On June 30, 2021, The National Collegiate Athletic Association (NCAA) Board of Directors approved a dramatic, albeit interim, revision to the NCAA’s long-standing policy against student-athletes earning compensation. Effective July 1, 2021, student-athletes may receive compensation for the use of their name, image, and likeness (NIL), subject to compliance with applicable state law and other requirements (e.g., schools cannot compensate student-athletes for performance or recruitment – so-called “pay-for-play”). While this revision is being presented as “temporary,” it may have been the NCAA’s only viable remaining option while it waits for Congress to establish a nationwide NIL framework. Although significant details remain uncertain, the potential impacts on college athletics are game-changing.

This departure from the NCAA’s prior position regarding “amateurism” was issued in response to (i) the June 21, 2021, 9-0 Supreme Court ruling in NCAA vs. Alston et al. (594 U.S. __,) which essentially held that the NCAA’s rules limiting the education-related benefits that schools may make available to student-athletes are anti-competitive horizontal restraints of trade; and (ii) the enactment of NIL laws in several states (e.g., Alabama, Florida, Georgia, Mississippi, New Mexico, and Ohio) that are scheduled to go into effect July 1, 2021, and that in direct conflict with the NCAA’s previous policy. In addition to these states, as many as 15 others have enacted or are in the process of enacting NIL legislation. Differences among states with respect to NIL may materially impact recruiting and a student-athlete’s choice of college.

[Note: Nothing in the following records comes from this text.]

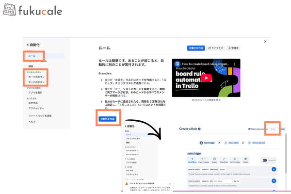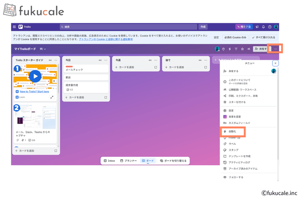 - ボード右上の[⋯]をクリックし、[自動化]を開く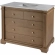 Dimensions: 42"W x 22"D x 35"H, Top: Faux 2nd Drawer: 14"W where cutout is, 34" full width, cutout width 6"W x 15"D x 4"H, 3rd drawer (Double Drawer): 34"W x 15"D x 8.5"H, Metal Drawer Glides; Faucet holes are 4" from center of hold to center of hole, Plumbing cutouts on the back side measurements: Hole: 12"L x 12"W X 4"D until drawers, Hole sits 11-1/8" from base, 14.25" in from sides and 7.75" down from the top, Top Thickness: .75"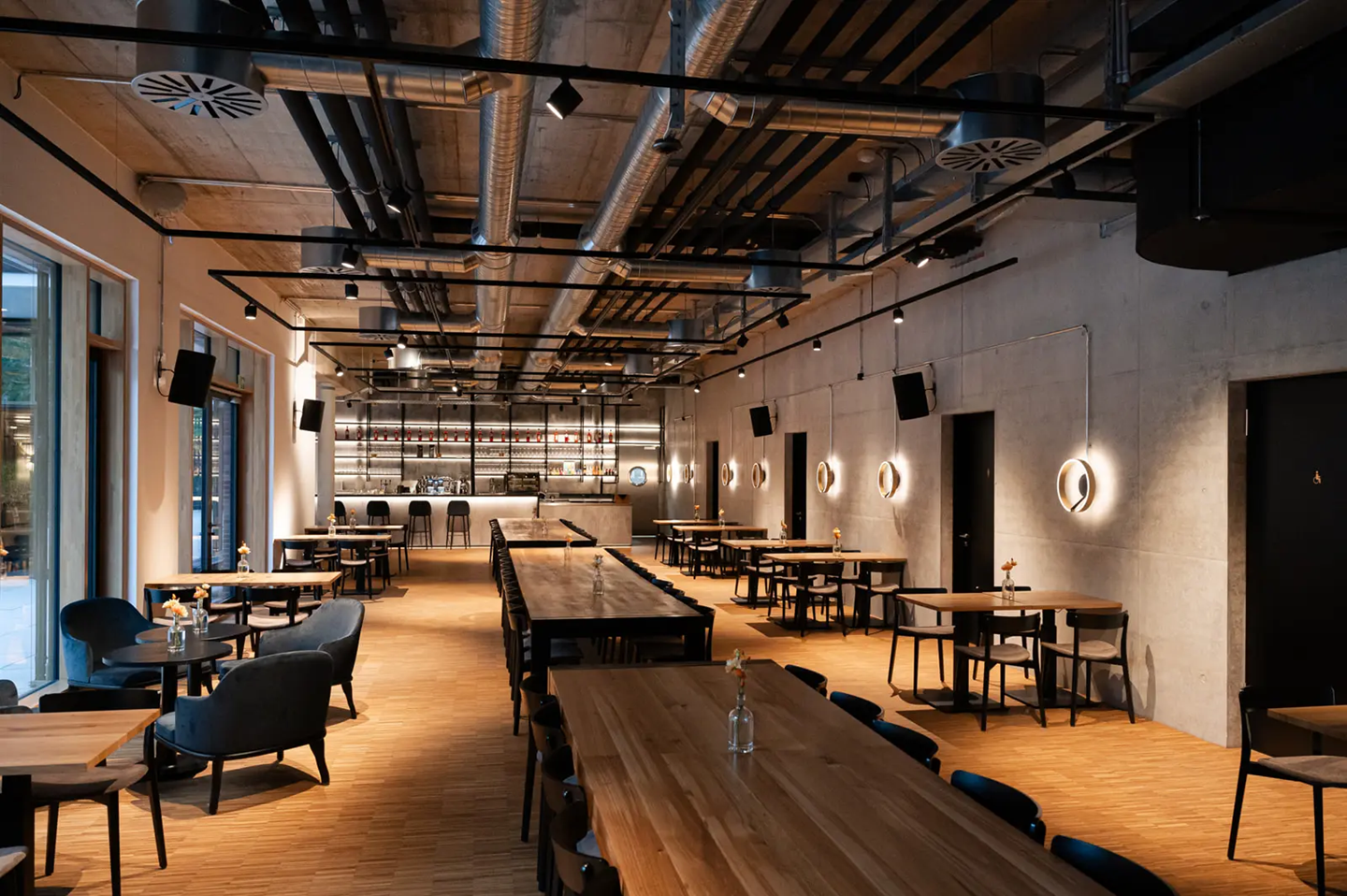Der Y.OUR Pavillon auf dem Campus der Hochschule Fresenius vereint stilvolles Design mit durchdachter Funktionalität. Die Eventlocation beeindruckt mit einem klaren, industriellen Look, maßgefertigten italienischen Möbeln und einem hochwertigen Lichtkonzept von Occhio. Ob Business-Meeting, Konferenz oder Networking-Event – die flexible Raumgestaltung und das elegante Ambiente bieten den perfekten Rahmen für professionelle Veranstaltungen in entspannter Atmosphäre.

In an attempt to strike a balance between the NCAA’s desire to preserve amateurism and the realities of the modern marketplace (i.e., (i) that college athletics is big business and (ii) that athletes are also potential influencers who should be able to monetize their brand without fear of compromising their eligibility), the NCAA has approved policy changes that pave the way for student-athletes to earn compensation while maintaining their amateur status. Previously, the NCAA permitted student-athletes to receive only limited consideration from their schools in the form of scholarships, meals, and reasonable expense allowances for travel, equipment, and health care, but until this revision, student-athletes were not allowed to receive consideration, meals, travel, or other items of value from third parties, agents, and/or representatives. While the extent of the consideration remains to be seen, there are opportunities for student-athletes to earn significant amounts for autographs, endorsements, personal appearances, paid social media, etc.

Framework

During their June 30, 2021, meeting, the NCAA Board of Governors adopted the following rudimentary framework: 

  1. Student-athletes will be able to earn compensation from the use of their NIL rights, provided that if such student-athlete is in a state that has enacted NIL legislation, the arrangement must comply with applicable state law.  

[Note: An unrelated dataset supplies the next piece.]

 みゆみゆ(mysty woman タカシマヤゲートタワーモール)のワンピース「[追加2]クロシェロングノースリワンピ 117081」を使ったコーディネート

  2. Schools and conferences may not compensate student-athletes for performance (“pay-for-play” is still prohibited).

  3. Student-athletes may engage the services of a professional (e.g., lawyer, agent, etc.) to assist in the monetization of their NIL.

  4. Schools (and conferences) are tasked with determining whether the compensation complies with applicable state law and/or other applicable school or conference requirements.

  5. Students-athletes will have to report their NIL compensation to their respective schools and conferences.

Open Questions

While this development may well lead to a surge in NIL deals for student-athletes, open questions remain, including: 

  1. What forms of consideration are permissible, apart from monetary consideration (cash)? In-kind consideration (e.g., a vehicle for tweeting about a car dealership) or other forms of consideration (e.g., equity in a joint venture, cryptocurrency)?

  2. How will the member schools and conferences distinguish between acceptable endorsement deals and impermissible “pay-for-play” arrangements? Will there be a review board, or audit rights, or certification requirements?

  3. What will the actual reporting requirements be? Will there be limits or other caps on the consideration that may be earned? How will these rules be enforced (e.g., loss of scholarship, fines, vacating wins)?

  4. How will schools and conferences located in states that have not enacted NIL laws adapt? Will they default to the most permissive requirements in order to entice student-athletes? 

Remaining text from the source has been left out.